Records for this task
☆ ☆ ☆

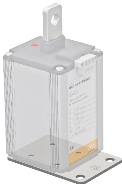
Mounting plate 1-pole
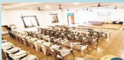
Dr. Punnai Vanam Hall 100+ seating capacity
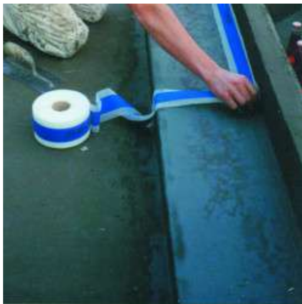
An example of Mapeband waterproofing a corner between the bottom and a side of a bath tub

☆ ☆ ☆

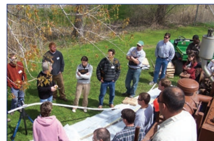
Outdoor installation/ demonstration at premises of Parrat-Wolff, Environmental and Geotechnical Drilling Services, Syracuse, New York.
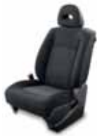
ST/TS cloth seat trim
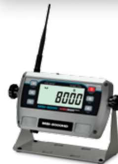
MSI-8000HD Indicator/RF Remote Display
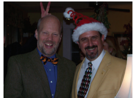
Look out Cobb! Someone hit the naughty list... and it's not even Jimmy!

☆ ☆ ☆

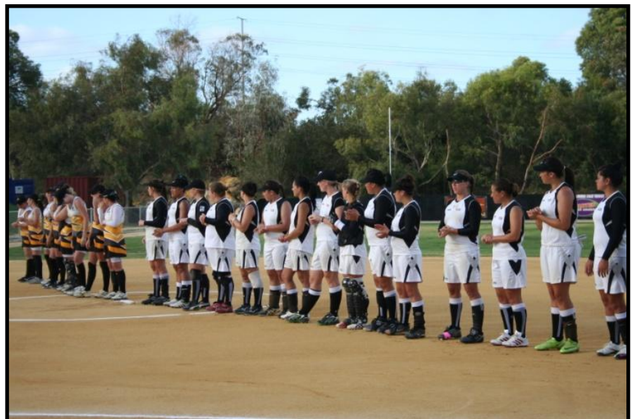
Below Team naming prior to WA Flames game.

☆ ☆ ☆

Requirement
In the listing above, find the line holding "Mounting plate 1-pole" and the line holding "An example of". Reproduce those two lines and all between them exactly, leaving out pictures.

Answer box
Mounting plate 1-pole
Dr. Punnai Vanam Hall 100+ seating capacity
An example of Mapeband waterproofing a corner between the bottom and a side of a bath tub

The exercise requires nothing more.